** Data for this exercise follows **

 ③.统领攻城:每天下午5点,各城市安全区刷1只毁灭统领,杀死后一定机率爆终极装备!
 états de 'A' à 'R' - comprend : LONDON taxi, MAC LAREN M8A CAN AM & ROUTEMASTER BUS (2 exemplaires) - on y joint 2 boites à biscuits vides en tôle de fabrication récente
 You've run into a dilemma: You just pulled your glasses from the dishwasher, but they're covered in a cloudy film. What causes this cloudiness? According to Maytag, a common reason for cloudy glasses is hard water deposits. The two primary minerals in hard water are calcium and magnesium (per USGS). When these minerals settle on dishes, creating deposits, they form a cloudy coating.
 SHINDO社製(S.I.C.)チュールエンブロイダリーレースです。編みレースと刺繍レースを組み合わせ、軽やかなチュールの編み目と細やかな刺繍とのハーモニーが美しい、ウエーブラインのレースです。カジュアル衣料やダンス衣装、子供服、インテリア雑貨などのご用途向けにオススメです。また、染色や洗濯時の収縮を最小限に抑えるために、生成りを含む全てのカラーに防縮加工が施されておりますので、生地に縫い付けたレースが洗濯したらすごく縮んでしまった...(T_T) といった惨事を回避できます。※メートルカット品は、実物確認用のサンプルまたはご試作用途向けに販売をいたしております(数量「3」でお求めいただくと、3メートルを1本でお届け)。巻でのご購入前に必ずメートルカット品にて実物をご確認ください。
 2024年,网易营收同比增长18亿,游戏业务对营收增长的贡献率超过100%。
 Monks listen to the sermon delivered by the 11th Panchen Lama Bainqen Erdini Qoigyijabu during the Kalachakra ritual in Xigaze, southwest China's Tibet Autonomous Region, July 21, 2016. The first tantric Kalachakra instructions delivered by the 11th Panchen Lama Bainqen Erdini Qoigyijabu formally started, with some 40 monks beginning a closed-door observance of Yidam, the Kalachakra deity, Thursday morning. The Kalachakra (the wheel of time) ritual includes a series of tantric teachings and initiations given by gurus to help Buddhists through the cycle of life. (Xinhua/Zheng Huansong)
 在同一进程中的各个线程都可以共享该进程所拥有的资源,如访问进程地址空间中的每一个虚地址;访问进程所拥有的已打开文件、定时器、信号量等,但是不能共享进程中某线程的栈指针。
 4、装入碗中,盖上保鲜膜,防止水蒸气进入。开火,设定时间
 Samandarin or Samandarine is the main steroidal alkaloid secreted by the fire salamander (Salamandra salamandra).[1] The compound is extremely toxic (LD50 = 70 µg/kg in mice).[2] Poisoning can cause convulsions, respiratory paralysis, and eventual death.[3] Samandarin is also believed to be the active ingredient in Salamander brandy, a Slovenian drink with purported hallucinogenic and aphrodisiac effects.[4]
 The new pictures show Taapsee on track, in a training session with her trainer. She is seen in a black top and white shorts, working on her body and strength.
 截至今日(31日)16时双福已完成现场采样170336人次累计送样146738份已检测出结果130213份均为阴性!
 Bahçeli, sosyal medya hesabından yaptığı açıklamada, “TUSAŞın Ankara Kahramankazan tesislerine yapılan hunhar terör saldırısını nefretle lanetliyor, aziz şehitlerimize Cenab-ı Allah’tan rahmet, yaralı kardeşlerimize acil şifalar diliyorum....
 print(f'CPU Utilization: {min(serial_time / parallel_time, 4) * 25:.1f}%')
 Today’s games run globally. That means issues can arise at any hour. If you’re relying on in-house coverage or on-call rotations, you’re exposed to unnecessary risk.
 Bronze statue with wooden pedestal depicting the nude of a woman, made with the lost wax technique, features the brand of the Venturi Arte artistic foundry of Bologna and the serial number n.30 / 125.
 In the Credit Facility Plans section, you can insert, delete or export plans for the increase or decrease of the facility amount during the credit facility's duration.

** End of Data for this exercise **

The data given above must be transcribed exactly and completely.

_Answer area:_
 ③.统领攻城:每天下午5点,各城市安全区刷1只毁灭统领,杀死后一定机率爆终极装备!
 états de 'A' à 'R' - comprend : LONDON taxi, MAC LAREN M8A CAN AM & ROUTEMASTER BUS (2 exemplaires) - on y joint 2 boites à biscuits vides en tôle de fabrication récente
 You've run into a dilemma: You just pulled your glasses from the dishwasher, but they're covered in a cloudy film. What causes this cloudiness? According to Maytag, a common reason for cloudy glasses is hard water deposits. The two primary minerals in hard water are calcium and magnesium (per USGS). When these minerals settle on dishes, creating deposits, they form a cloudy coating.
 SHINDO社製(S.I.C.)チュールエンブロイダリーレースです。編みレースと刺繍レースを組み合わせ、軽やかなチュールの編み目と細やかな刺繍とのハーモニーが美しい、ウエーブラインのレースです。カジュアル衣料やダンス衣装、子供服、インテリア雑貨などのご用途向けにオススメです。また、染色や洗濯時の収縮を最小限に抑えるために、生成りを含む全てのカラーに防縮加工が施されておりますので、生地に縫い付けたレースが洗濯したらすごく縮んでしまった...(T_T) といった惨事を回避できます。※メートルカット品は、実物確認用のサンプルまたはご試作用途向けに販売をいたしております(数量「3」でお求めいただくと、3メートルを1本でお届け)。巻でのご購入前に必ずメートルカット品にて実物をご確認ください。
 2024年,网易营收同比增长18亿,游戏业务对营收增长的贡献率超过100%。
 Monks listen to the sermon delivered by the 11th Panchen Lama Bainqen Erdini Qoigyijabu during the Kalachakra ritual in Xigaze, southwest China's Tibet Autonomous Region, July 21, 2016. The first tantric Kalachakra instructions delivered by the 11th Panchen Lama Bainqen Erdini Qoigyijabu formally started, with some 40 monks beginning a closed-door observance of Yidam, the Kalachakra deity, Thursday morning. The Kalachakra (the wheel of time) ritual includes a series of tantric teachings and initiations given by gurus to help Buddhists through the cycle of life. (Xinhua/Zheng Huansong)
 在同一进程中的各个线程都可以共享该进程所拥有的资源,如访问进程地址空间中的每一个虚地址;访问进程所拥有的已打开文件、定时器、信号量等,但是不能共享进程中某线程的栈指针。
 4、装入碗中,盖上保鲜膜,防止水蒸气进入。开火,设定时间
 Samandarin or Samandarine is the main steroidal alkaloid secreted by the fire salamander (Salamandra salamandra).[1] The compound is extremely toxic (LD50 = 70 µg/kg in mice).[2] Poisoning can cause convulsions, respiratory paralysis, and eventual death.[3] Samandarin is also believed to be the active ingredient in Salamander brandy, a Slovenian drink with purported hallucinogenic and aphrodisiac effects.[4]
 The new pictures show Taapsee on track, in a training session with her trainer. She is seen in a black top and white shorts, working on her body and strength.
 截至今日(31日)16时双福已完成现场采样170336人次累计送样146738份已检测出结果130213份均为阴性!
 Bahçeli, sosyal medya hesabından yaptığı açıklamada, “TUSAŞın Ankara Kahramankazan tesislerine yapılan hunhar terör saldırısını nefretle lanetliyor, aziz şehitlerimize Cenab-ı Allah’tan rahmet, yaralı kardeşlerimize acil şifalar diliyorum....
 print(f'CPU Utilization: {min(serial_time / parallel_time, 4) * 25:.1f}%')
 Today’s games run globally. That means issues can arise at any hour. If you’re relying on in-house coverage or on-call rotations, you’re exposed to unnecessary risk.
 Bronze statue with wooden pedestal depicting the nude of a woman, made with the lost wax technique, features the brand of the Venturi Arte artistic foundry of Bologna and the serial number n.30 / 125.
 In the Credit Facility Plans section, you can insert, delete or export plans for the increase or decrease of the facility amount during the credit facility's duration.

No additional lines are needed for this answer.